Activity: Everything in the records must be restated exactly, apart from the pictures.

Data extract:
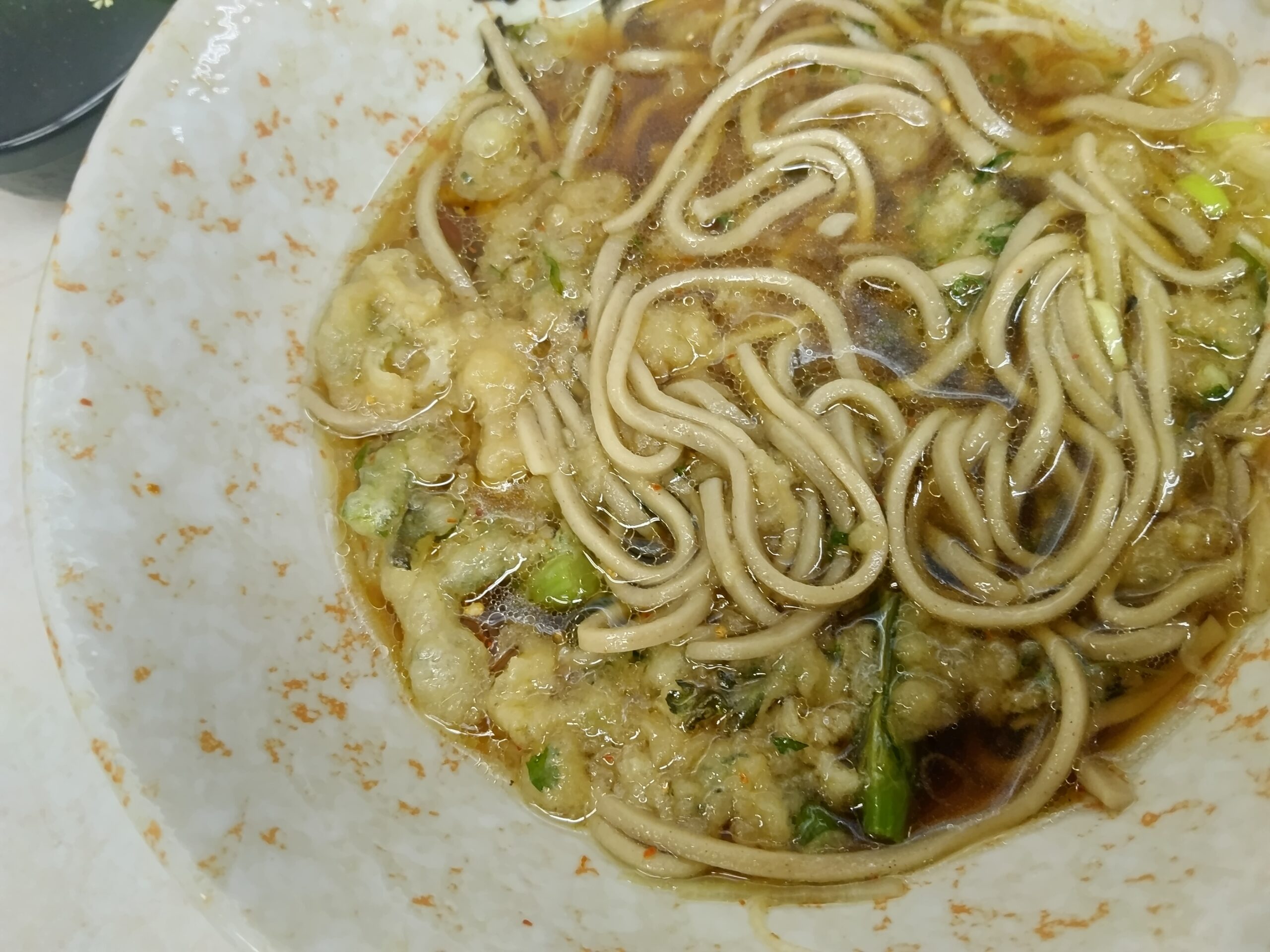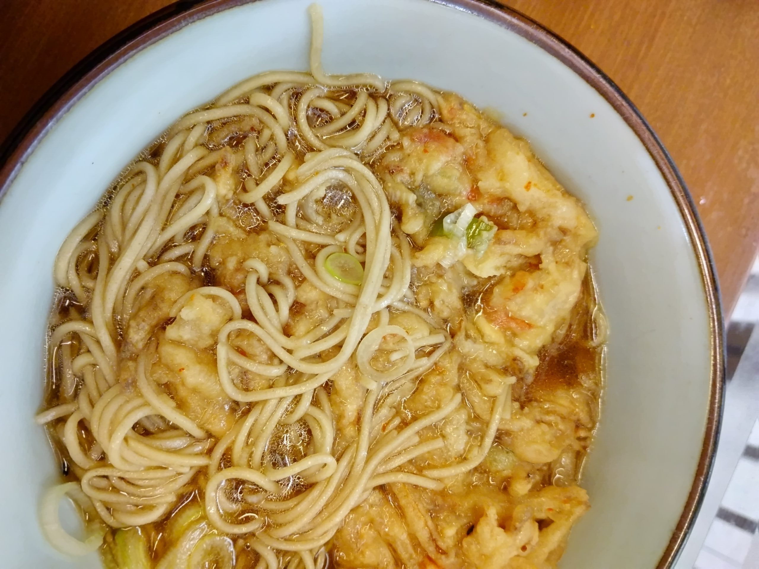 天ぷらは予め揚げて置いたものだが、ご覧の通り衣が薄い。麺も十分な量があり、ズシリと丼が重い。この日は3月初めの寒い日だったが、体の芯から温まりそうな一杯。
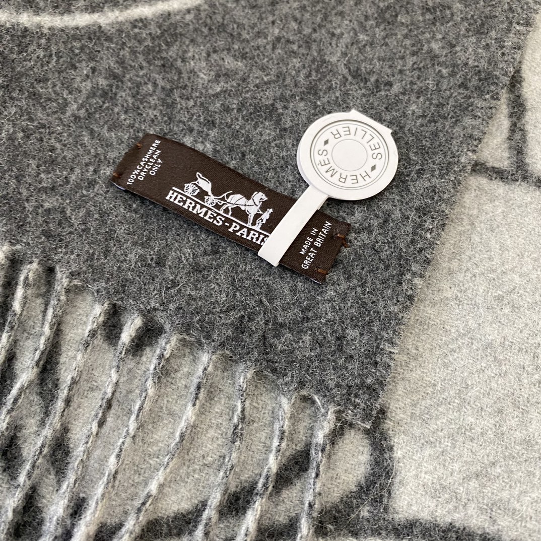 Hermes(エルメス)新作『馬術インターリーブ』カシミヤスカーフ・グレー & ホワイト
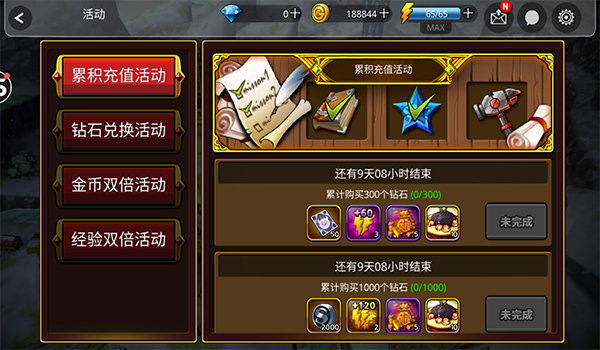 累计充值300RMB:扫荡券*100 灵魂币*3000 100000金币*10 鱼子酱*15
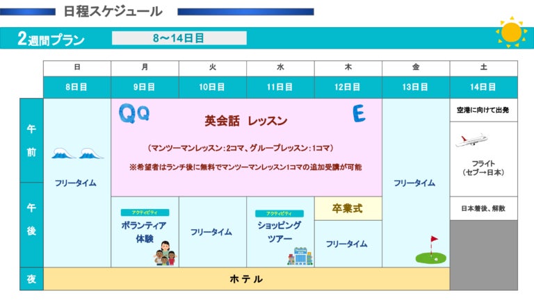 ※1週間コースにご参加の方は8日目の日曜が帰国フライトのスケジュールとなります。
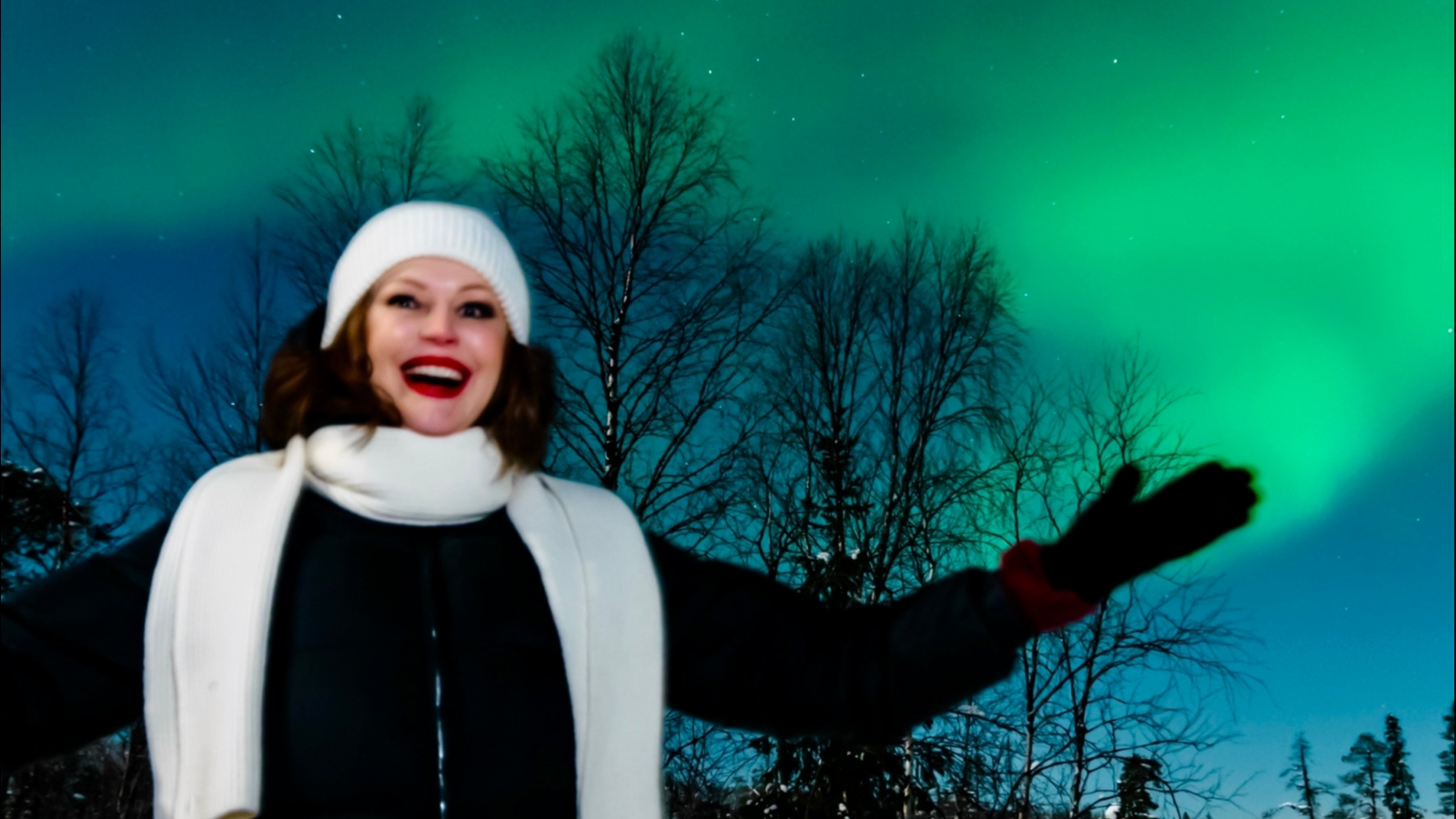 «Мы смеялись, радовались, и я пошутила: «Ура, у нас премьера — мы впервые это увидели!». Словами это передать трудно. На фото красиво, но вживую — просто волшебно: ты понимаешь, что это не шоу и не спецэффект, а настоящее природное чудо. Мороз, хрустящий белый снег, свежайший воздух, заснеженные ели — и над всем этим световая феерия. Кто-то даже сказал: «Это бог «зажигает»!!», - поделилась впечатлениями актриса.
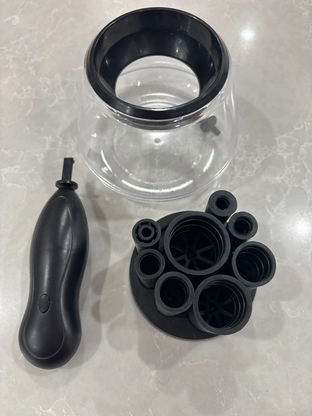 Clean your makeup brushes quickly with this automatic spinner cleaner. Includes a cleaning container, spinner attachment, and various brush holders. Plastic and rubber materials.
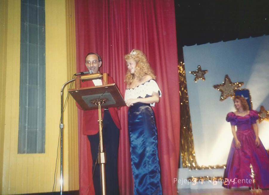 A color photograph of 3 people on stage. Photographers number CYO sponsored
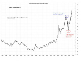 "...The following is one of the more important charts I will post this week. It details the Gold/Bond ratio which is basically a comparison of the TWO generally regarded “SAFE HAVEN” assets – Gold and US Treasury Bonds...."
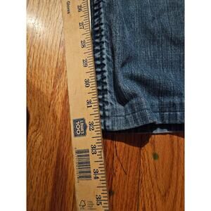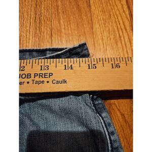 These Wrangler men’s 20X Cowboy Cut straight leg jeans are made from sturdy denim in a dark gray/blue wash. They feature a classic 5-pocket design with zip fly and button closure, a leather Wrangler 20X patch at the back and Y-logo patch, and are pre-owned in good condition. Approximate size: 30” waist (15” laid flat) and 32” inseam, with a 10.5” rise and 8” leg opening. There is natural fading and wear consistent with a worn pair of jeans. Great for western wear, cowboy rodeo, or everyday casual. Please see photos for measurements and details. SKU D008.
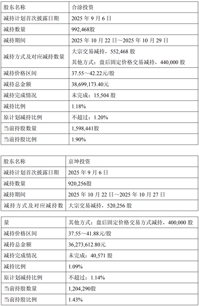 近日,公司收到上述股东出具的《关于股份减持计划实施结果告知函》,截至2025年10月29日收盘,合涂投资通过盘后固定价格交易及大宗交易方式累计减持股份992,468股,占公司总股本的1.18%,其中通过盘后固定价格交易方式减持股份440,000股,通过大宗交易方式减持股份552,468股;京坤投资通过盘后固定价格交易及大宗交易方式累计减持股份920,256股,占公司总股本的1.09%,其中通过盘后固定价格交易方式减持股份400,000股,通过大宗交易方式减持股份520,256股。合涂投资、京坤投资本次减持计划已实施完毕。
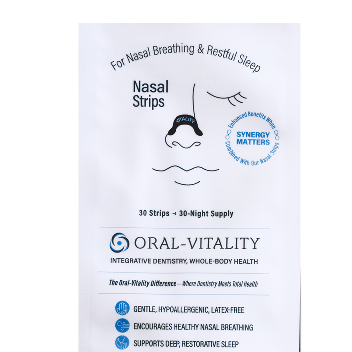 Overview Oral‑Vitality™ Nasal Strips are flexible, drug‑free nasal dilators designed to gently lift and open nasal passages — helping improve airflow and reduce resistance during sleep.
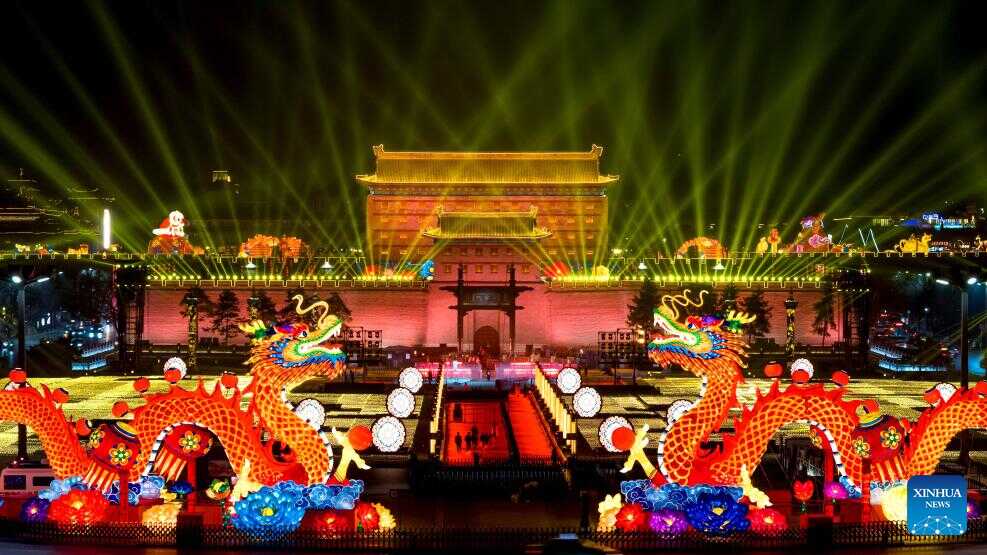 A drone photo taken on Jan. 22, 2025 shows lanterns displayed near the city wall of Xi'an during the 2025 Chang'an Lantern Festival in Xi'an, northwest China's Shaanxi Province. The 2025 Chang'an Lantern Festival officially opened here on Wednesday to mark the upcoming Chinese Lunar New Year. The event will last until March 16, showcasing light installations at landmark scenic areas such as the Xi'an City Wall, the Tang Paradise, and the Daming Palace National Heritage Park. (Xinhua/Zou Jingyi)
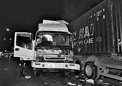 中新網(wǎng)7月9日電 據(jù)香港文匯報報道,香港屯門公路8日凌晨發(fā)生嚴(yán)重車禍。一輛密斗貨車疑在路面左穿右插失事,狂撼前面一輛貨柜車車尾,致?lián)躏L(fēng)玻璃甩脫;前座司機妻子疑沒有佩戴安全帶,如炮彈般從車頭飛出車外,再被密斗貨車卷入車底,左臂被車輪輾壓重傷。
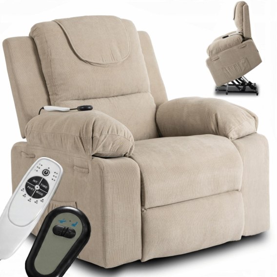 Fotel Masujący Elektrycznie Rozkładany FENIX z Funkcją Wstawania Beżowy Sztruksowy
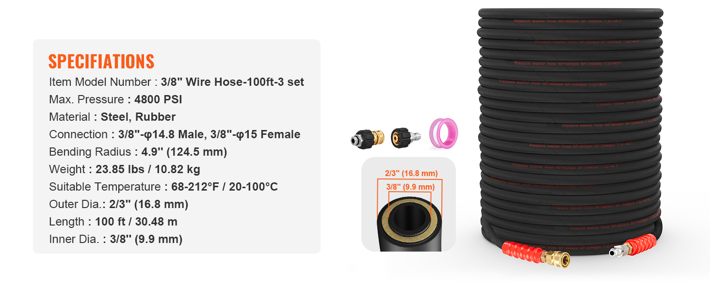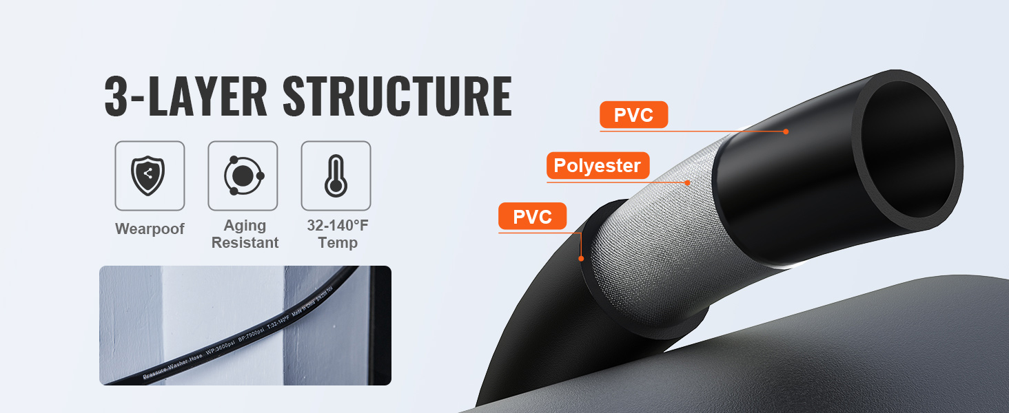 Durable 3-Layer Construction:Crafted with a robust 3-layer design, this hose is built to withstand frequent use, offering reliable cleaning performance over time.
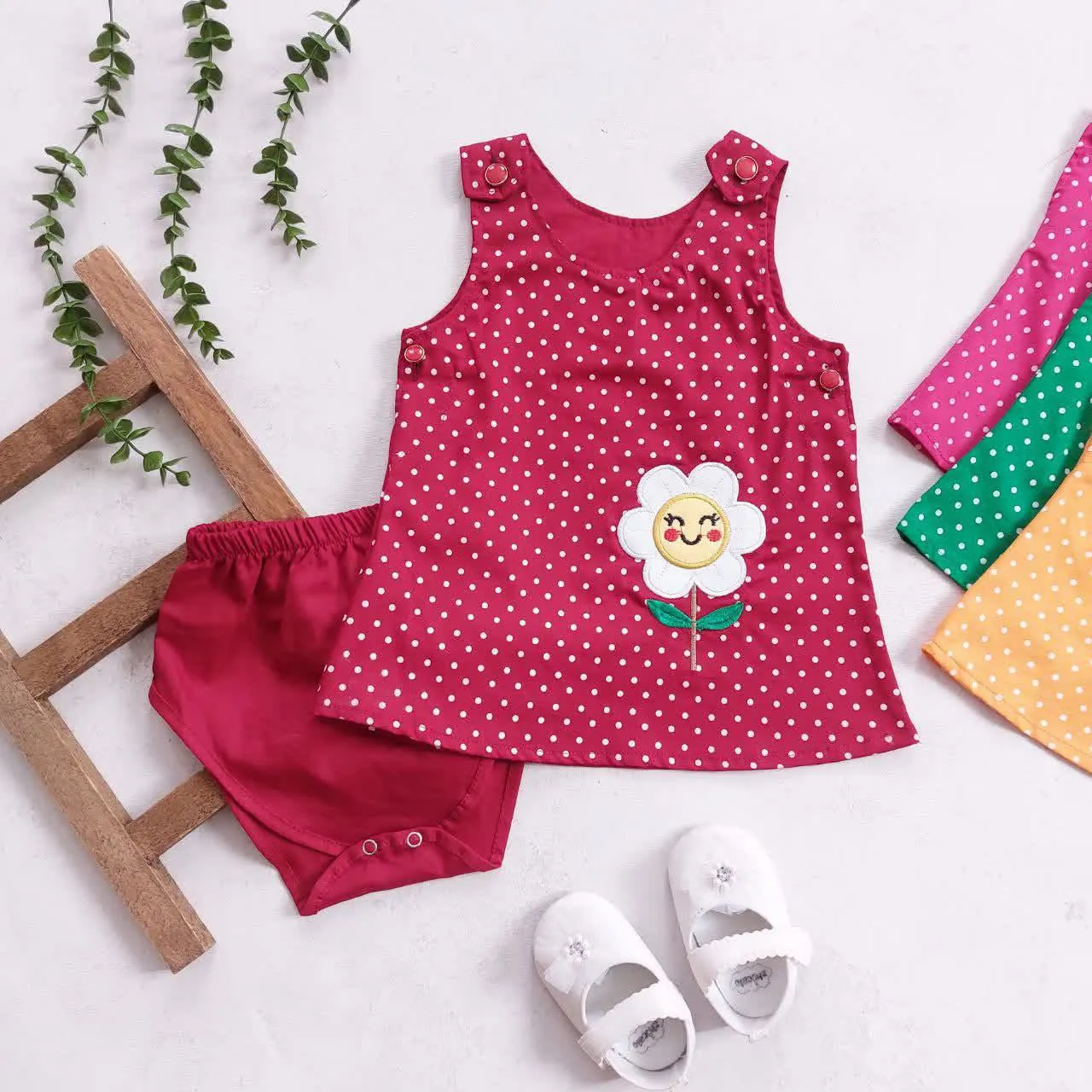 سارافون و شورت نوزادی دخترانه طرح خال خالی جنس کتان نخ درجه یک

Reply to the task:
 天ぷらは予め揚げて置いたものだが、ご覧の通り衣が薄い。麺も十分な量があり、ズシリと丼が重い。この日は3月初めの寒い日だったが、体の芯から温まりそうな一杯。
 Hermes(エルメス)新作『馬術インターリーブ』カシミヤスカーフ・グレー & ホワイト
 累计充值300RMB:扫荡券*100 灵魂币*3000 100000金币*10 鱼子酱*15
 ※1週間コースにご参加の方は8日目の日曜が帰国フライトのスケジュールとなります。
 «Мы смеялись, радовались, и я пошутила: «Ура, у нас премьера — мы впервые это увидели!». Словами это передать трудно. На фото красиво, но вживую — просто волшебно: ты понимаешь, что это не шоу и не спецэффект, а настоящее природное чудо. Мороз, хрустящий белый снег, свежайший воздух, заснеженные ели — и над всем этим световая феерия. Кто-то даже сказал: «Это бог «зажигает»!!», - поделилась впечатлениями актриса.
 Clean your makeup brushes quickly with this automatic spinner cleaner. Includes a cleaning container, spinner attachment, and various brush holders. Plastic and rubber materials.
 A color photograph of 3 people on stage. Photographers number CYO sponsored
 "...The following is one of the more important charts I will post this week. It details the Gold/Bond ratio which is basically a comparison of the TWO generally regarded “SAFE HAVEN” assets – Gold and US Treasury Bonds...."
 These Wrangler men’s 20X Cowboy Cut straight leg jeans are made from sturdy denim in a dark gray/blue wash. They feature a classic 5-pocket design with zip fly and button closure, a leather Wrangler 20X patch at the back and Y-logo patch, and are pre-owned in good condition. Approximate size: 30” waist (15” laid flat) and 32” inseam, with a 10.5” rise and 8” leg opening. There is natural fading and wear consistent with a worn pair of jeans. Great for western wear, cowboy rodeo, or everyday casual. Please see photos for measurements and details. SKU D008.
 近日,公司收到上述股东出具的《关于股份减持计划实施结果告知函》,截至2025年10月29日收盘,合涂投资通过盘后固定价格交易及大宗交易方式累计减持股份992,468股,占公司总股本的1.18%,其中通过盘后固定价格交易方式减持股份440,000股,通过大宗交易方式减持股份552,468股;京坤投资通过盘后固定价格交易及大宗交易方式累计减持股份920,256股,占公司总股本的1.09%,其中通过盘后固定价格交易方式减持股份400,000股,通过大宗交易方式减持股份520,256股。合涂投资、京坤投资本次减持计划已实施完毕。
 Overview Oral‑Vitality™ Nasal Strips are flexible, drug‑free nasal dilators designed to gently lift and open nasal passages — helping improve airflow and reduce resistance during sleep.
 A drone photo taken on Jan. 22, 2025 shows lanterns displayed near the city wall of Xi'an during the 2025 Chang'an Lantern Festival in Xi'an, northwest China's Shaanxi Province. The 2025 Chang'an Lantern Festival officially opened here on Wednesday to mark the upcoming Chinese Lunar New Year. The event will last until March 16, showcasing light installations at landmark scenic areas such as the Xi'an City Wall, the Tang Paradise, and the Daming Palace National Heritage Park. (Xinhua/Zou Jingyi)
 中新網(wǎng)7月9日電 據(jù)香港文匯報報道,香港屯門公路8日凌晨發(fā)生嚴(yán)重車禍。一輛密斗貨車疑在路面左穿右插失事,狂撼前面一輛貨柜車車尾,致?lián)躏L(fēng)玻璃甩脫;前座司機妻子疑沒有佩戴安全帶,如炮彈般從車頭飛出車外,再被密斗貨車卷入車底,左臂被車輪輾壓重傷。
 Fotel Masujący Elektrycznie Rozkładany FENIX z Funkcją Wstawania Beżowy Sztruksowy
 Durable 3-Layer Construction:Crafted with a robust 3-layer design, this hose is built to withstand frequent use, offering reliable cleaning performance over time.
 سارافون و شورت نوزادی دخترانه طرح خال خالی جنس کتان نخ درجه یک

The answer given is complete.